Davalı vekilinin teminat alınması gerektiğine yönelik istinaf istemlerinin incelenmesine gelince ise; MÖHUK’un 48. maddesinde ” (1) Türk mahkemesinde dava açan, davaya katılan veya icra takibinde bulunan yabancı gerçek ve tüzel kişiler, yargılama ve takip giderleriyle karşı tarafın zarar ve ziyanını karşılamak üzere mahkemenin belirleyeceği teminatı göstermek zorundadır.
(2) Mahkeme, dava açanı, davaya katılanı veya icra takibi yapanı karşılıklılık esasına göre teminattan muaf tutar. ” hükmünün düzenlendiği, … ve … arasında imzalanan ve ” … ile … Arasında Hukuki Konularda Adli Yardımlaşma Anlaşması”nın onaylanmasının uygun bulunmasına dair 5704 sayılı Yasa’nın 10.02.2008 tarihli Resmi Gazete’de yayınlandığı ve anlaşmanın 13. maddesinin ”Teminattan Muafiyet” başlığı taşımakta olup, ” Bir Akit Tarafın vatandaşları, diğer Âkit Tarafın adlî makamları önündeki işlemlerinde, salt yabancı olmaları veya diğer Akit Taraf ülkesinde ikametgâhları bulunmamasından ötürü teminat akçesi (judicatum solvi) vermekle yükümlü tutulmayacaklardır.” şeklinde düzenlendiği ve bu itibarla, karşılılık şartının sağlandığı anlaşılmakla, bu yöne ilişkin istinaf isteminin de yerinde olmadığı kanaatine varılmıştır.
Davalı vekilinin, tahkim anlaşmasının tarafı olmadığı, tebligatların süresinde ve usulüne uygun yapılmadığı ve bu itibarla savunma hakkının kısıtlandığı, kamu düzenine aykırılık teşkil eden hususlar bulunduğuna yönelik istinaf istemlerinin de dosya içerisinde bulunan taraflar arasında akdedilen sözleşme, davacı tarafça ibraz edilen belgeler itibariyle yerinde olmadığı, mevcut delil durumu ve ileri sürülen istinaf istemleri nazara alındığında somut uyuşmazlık kapsamında yabancı hakem kararının tenfiz şartlarının oluştuğu ve ilk derece mahkemesince davanın kabulüne karar verilmesinde herhangi bir isabetsizliğin bulunmadığı kanaatine varıldığından, davalı vekilinin istinaf isteminin HMK’nın 353/1.b.1 maddesi uyarınca esastan reddine dair aşağıdaki şekilde hüküm kurmak gerekmiştir.

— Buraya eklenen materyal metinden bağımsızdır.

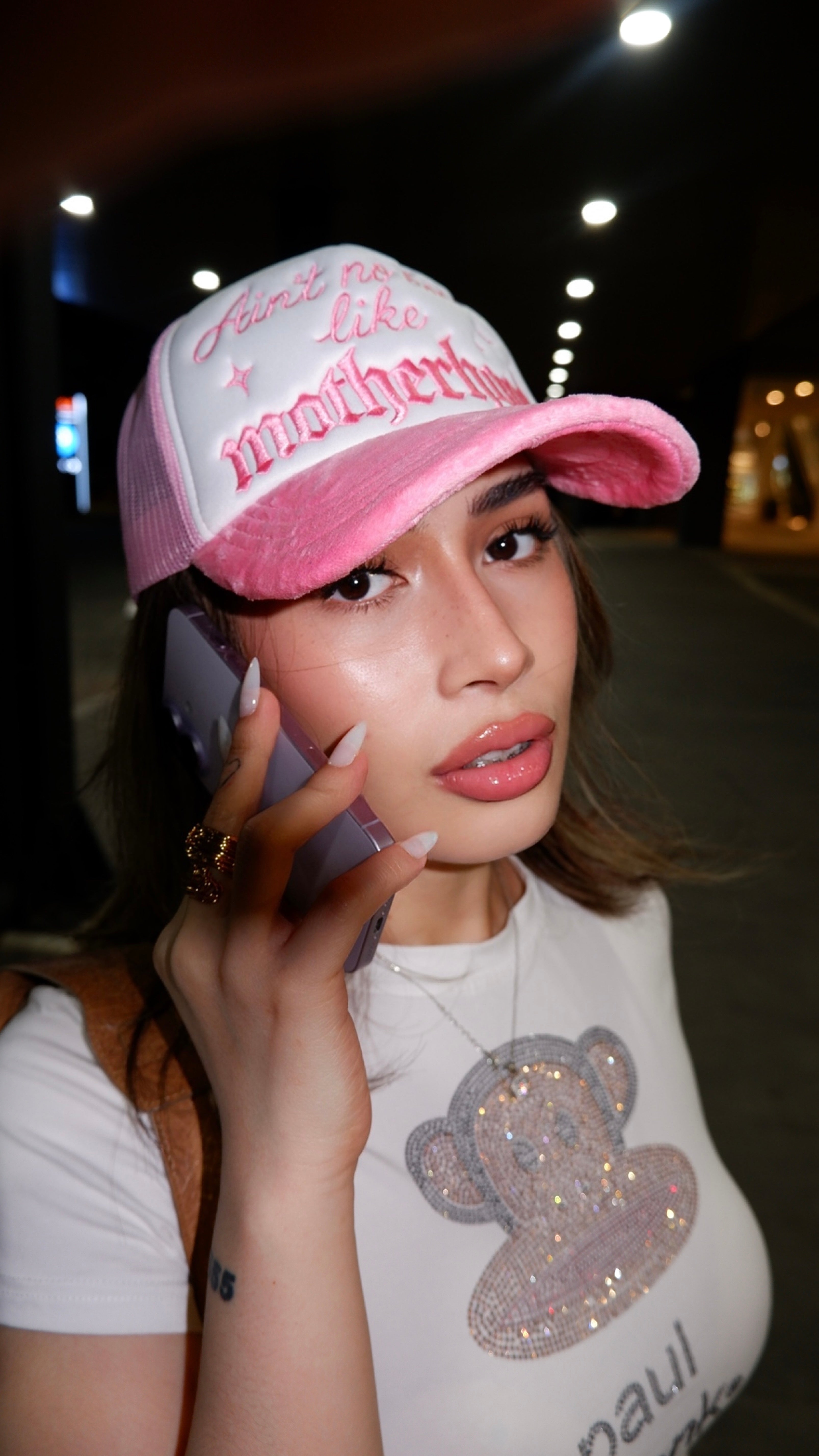 For the bougie badass mamas — the Ain’t No Hood Like Motherhood Trucker Hat is your new crown. Dripping in retro luxury with a velour bubblegum pink brim and embroidered gothic script, this hat gives main character energy with a side of “don’t mess with my vibe.” It’s equal parts edgy streetwear and glam-mom attitude — because motherhood never stopped a real one from looking fly.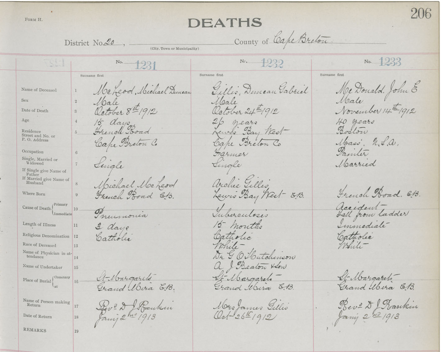Death Registration: Year: 1912 book: 22 page: 206 number: 1233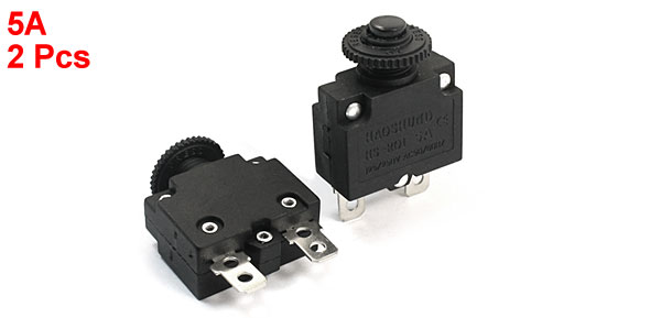 Product Name Circuit Breaker Model HS-R01 Disconnecting Current 5A Contact Type NC Rated Voltage AC 125/250V 50/60Hz Thread Dia (Approx.) 10mm / 0.39" Pin Size 11 x 6.5mm/0.43" x 0.25"(L*W) Pin Center Distance 17mm/0.67" Overall Size (Approx.) 2.9 x 1.4 x 4.5cm/1.1" x 0.57" x 1.8"(L*W*H ) Material Plastic, Metal Color Black Weight 26g Package Content 2pcs x Circuit Breaker - Reviews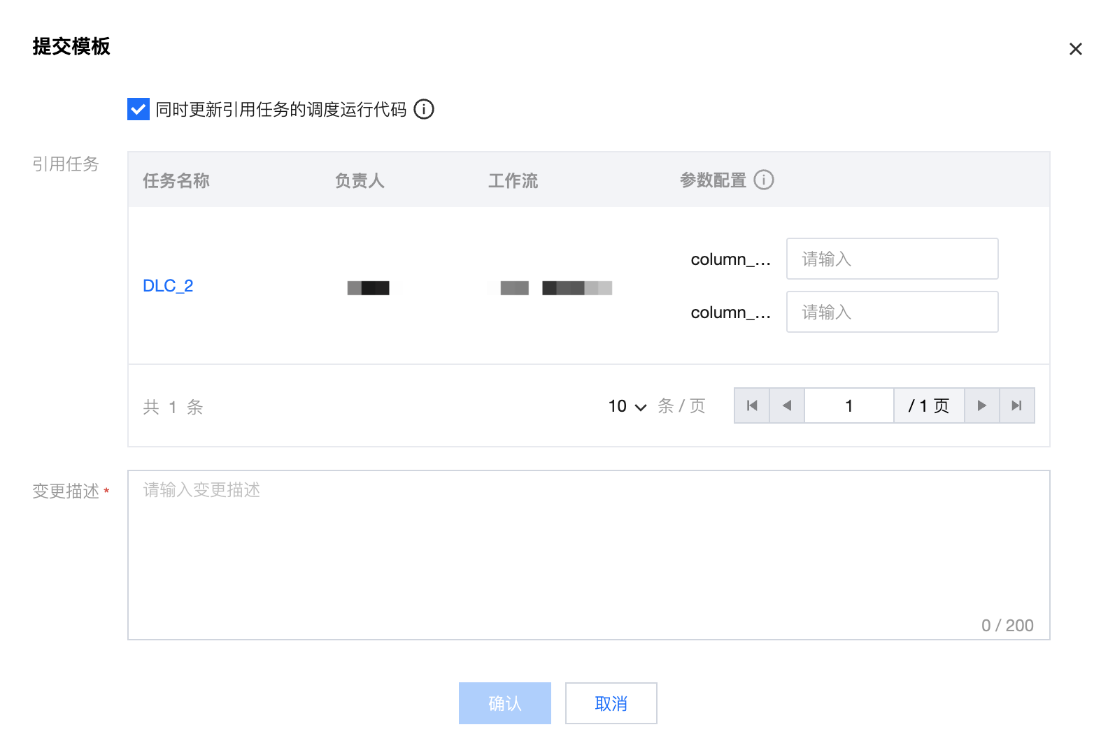 2. 提交:在更新场景中,提交代码模板若有参数的新增,您可以在提交时给引用代码模板的任务配置参数值,配置好的参数值会在提交时自动填充到对应任务的调度参数中,即您无需在重复提交任务。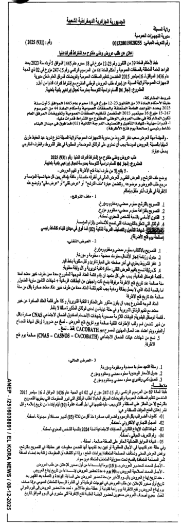 إعلان عن طلب عروض مفتوح 2025/931 مديرية التجهيزات العمومية لولاية المسيلة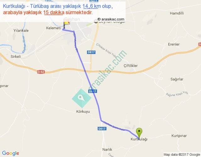 Kurtkulağı - Türlübaş arası yaklaşık olarak 90 km/h ile yukarıda belirtilen sürede olup, iki yerin kuş uçuşu uzaklığı (mesafesi) 13'dir. Yolculuk otobüsle 19 dakika sürmektedir.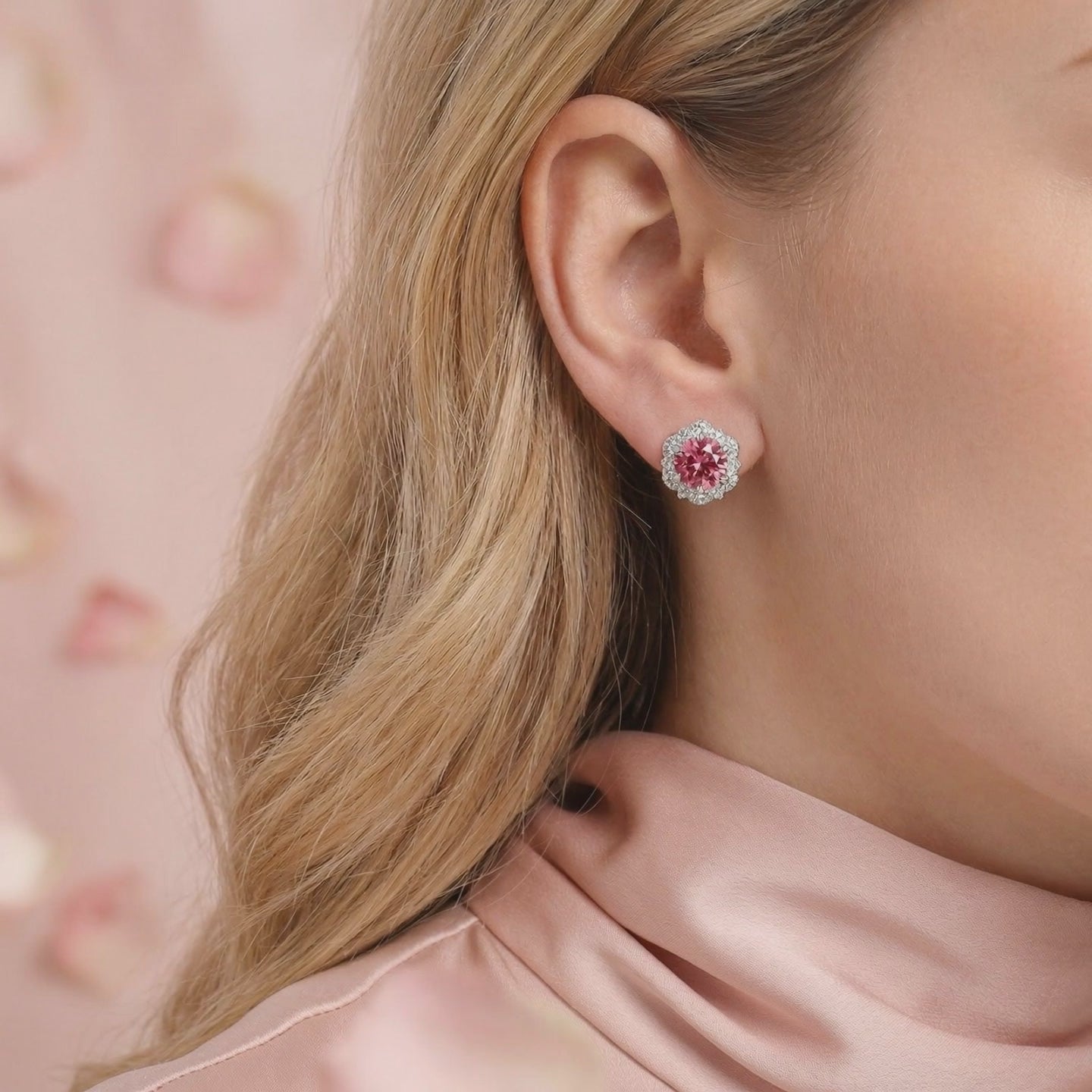Side view of sterling silver halo stud earrings with round raspberry pink tourmaline stones on pink silk.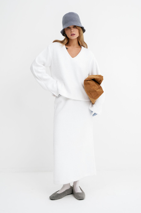 Костюм-двойка из свободного джемпера и прямой миди-юбки из пушистой ткани.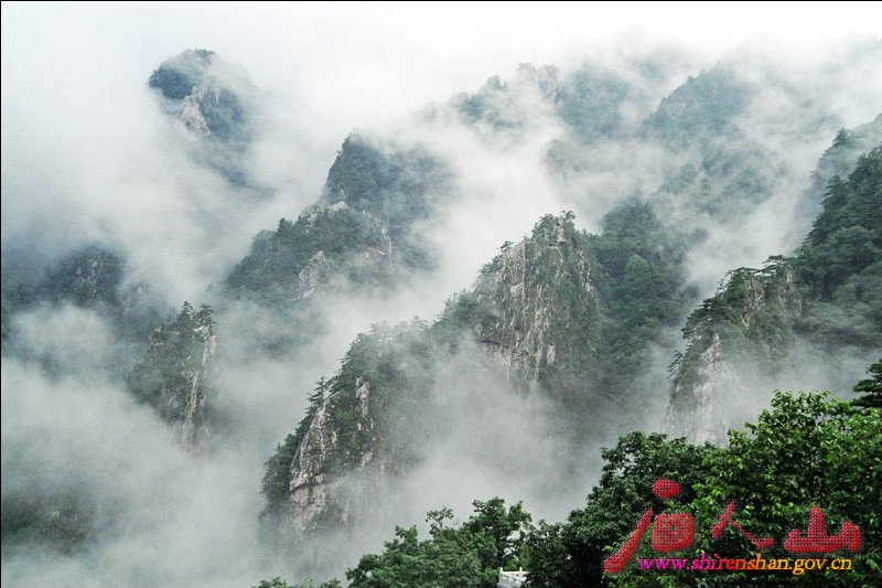 石人山是云霧的多發(fā)區(qū),由于特殊的地理位置和地形、地貌特點(diǎn),天無三日晴。最美不過看云霧,石人山的云霧變幻莫測,云霧出現(xiàn)時(shí),千條深谷,萬道山梁,如飄帶纏繞,轉(zhuǎn)瞬象白浪滔滔,一會兒象大海一樣平鋪,淹沒深谷溝壑,卷起云濤雪浪,隨著云霧的下沉,72座山峰出露,在云霧中飄浮,而當(dāng)太陽出現(xiàn)時(shí),云霧則鎏金流銀。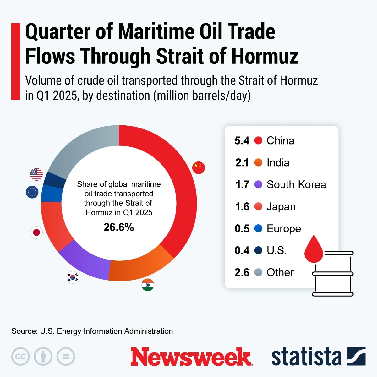 Secondo la US Energy Information Administration, la quota del commercio marittimo globale di petrolio trasportato attraverso lo Stretto di Hormuz nel primo trimestre fiscale del 2025 è stata del 26,6%.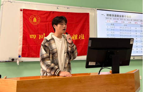 齐唱团歌后,江姐班团支书邱天汇报了江姐班深造就业基本情况、前三年学业成绩以及班团建设成果。褚老师充分肯定了班级的建设成果,并鼓励同学们再接再厉,争取获得更好的成绩。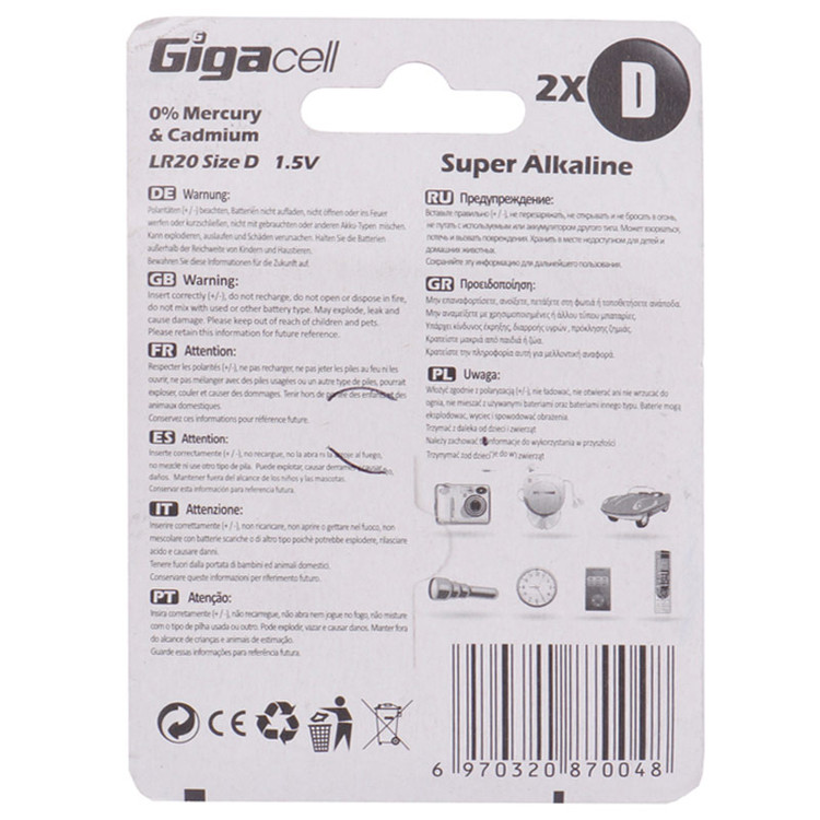 GIGACELL SUPER ALKALINE LR20 1.5V D BATTERY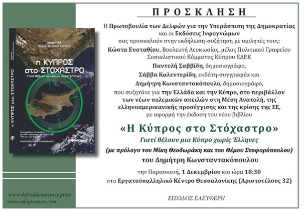 με αφορμή την έκδοση του νέου βιβλίου «Η Κύπρος στο Στόχαστρο»Γιατί θέλουν μια Κύπρο χωρίς Έλληνες(με πρόλογο του Μίκη Θεοδωράκη και του Θέμου Στοφορόπουλου)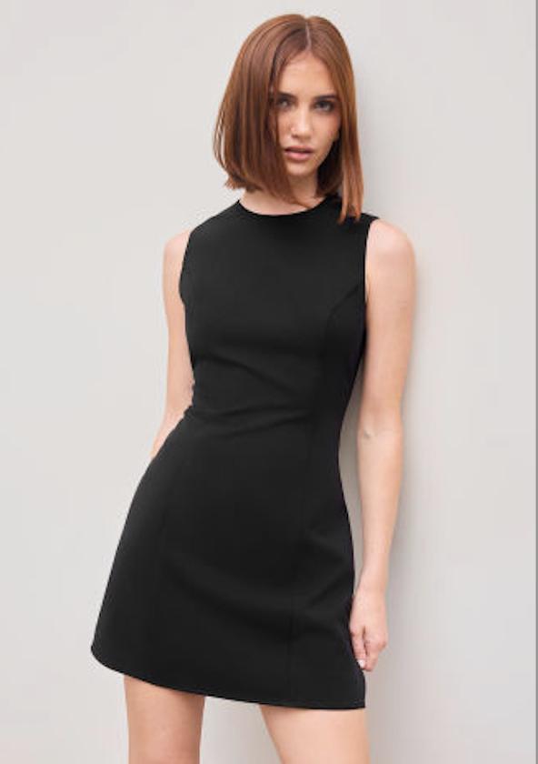 A Woman In A Black Dress Stands Confidently In Front Of Grand Architectural Columns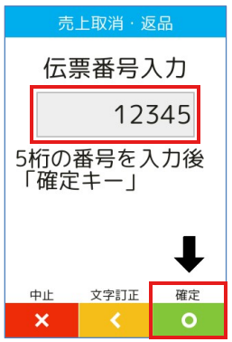 - 伝票番号(最大 5 桁)を入力し、[ 確定ボタン ]を押す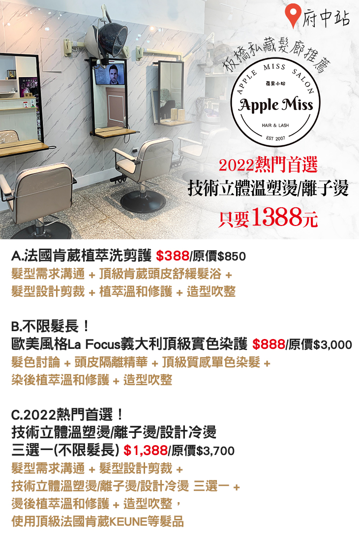 近捷運府中站,交通十分便利的【蘋果小姐沙龍】,讓習慣搭乘大眾運輸通勤的小資女孩,也能夠輕鬆前往,享受美麗!溫馨、典雅的空間,乾淨又舒適,讓您安心體驗多元的美髮方案!專業且深厚的手藝,搭配頂級品牌產品,為您打造最完美的造型,讓您盡情展現專屬的個人魅力~還在為了美麗而煩惱嗎?事不宜遲,現在就預約前往,讓自己好好美一波吧!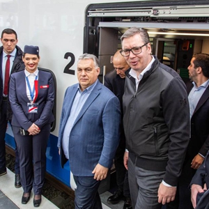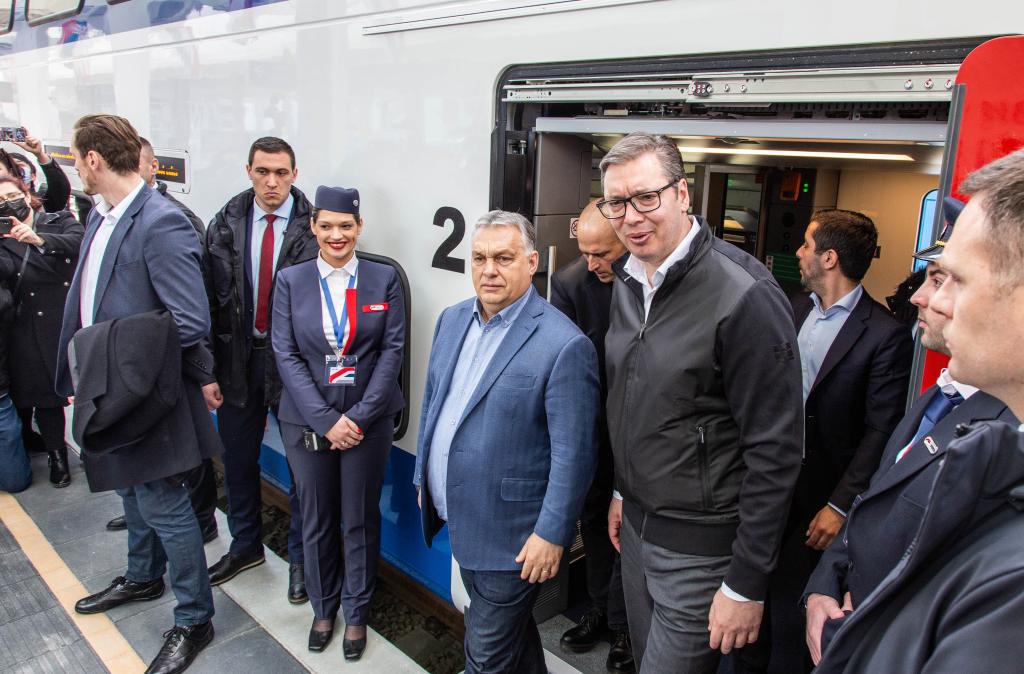 2022年3月19日,匈塞鐵路塞爾維亞境內貝諾段開(kāi)通運營(yíng)。塞爾維亞總統武契奇(中右)和匈牙利總理歐爾班(中左)乘坐列車(chē)抵達諾維薩德火車(chē)站。新華社發(fā)(王韡攝)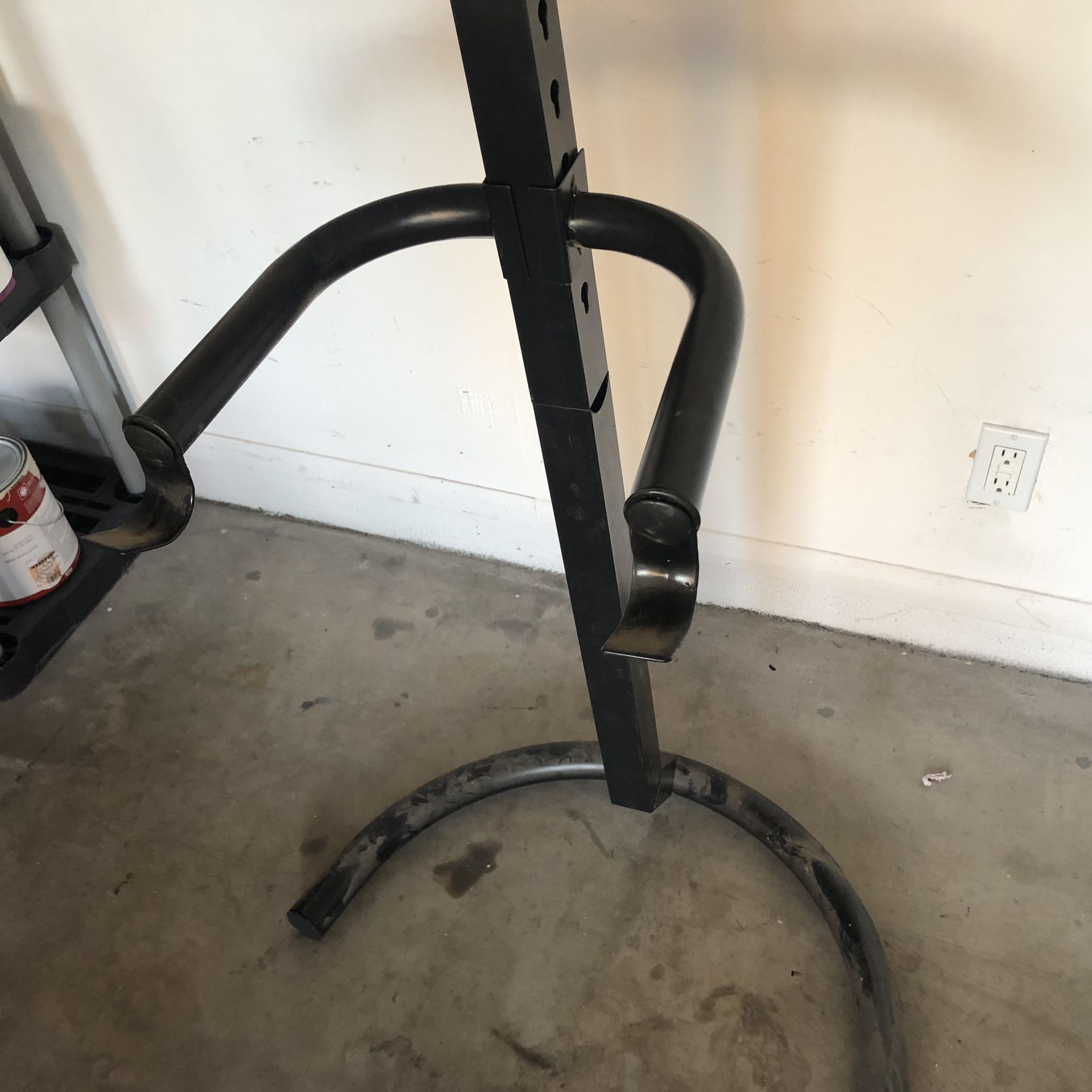 Black metal double bike rack. Adjustable. Comes apart. Excellent condition. Perfect for saving space in your garage or porch. Pick up only.

HÜKÜM : Gerekçesi yukarıda açıklandığı üzere;
1- Davalı vekilinin istinaf başvuru talebinin ESASTAN REDDİNE,
2- Alınan harç yeterli olduğundan yeniden harç alınmasına yer olmadığına,
3- İstinaf incelemesi sırasında duruşma açılmadığından ücret-i vekalet ile ilgili hüküm kurulmasına yer olmadığına,
4- İstinafa başvuran davalı tarafından yapılan istinaf yargılama giderlerinin üzerinde bırakılmasına,
5-Hukuk Muhakemeleri Kanunu’nun 359/4. maddesi gereğince kararın tebliği işlemlerinin Dairemiz tarafından yapılmasına,
6- Kararın temyiz edilmeden kesinleşmesi halinde dava dosyasının İlk Derece Mahkemesine gönderilmesine,
Dair, dosya üzerinde yapılan inceleme sonucunda verilen kararın HMK’nın 361/1 maddesi gereğince taraflara tebliğinden itibaren iki hafta içerisinde Dairemize, temyiz edenin bulunduğu yer Bölge Adliye Mahkemesi Hukuk Dairesi’ne veya İlk Derece Mahkemesine verilecek dilekçe ile temyiz kanun yoluna başvurma talebinde bulunulabileceğine 12/10/2022 tarihinde oy birliği ile karar verildi.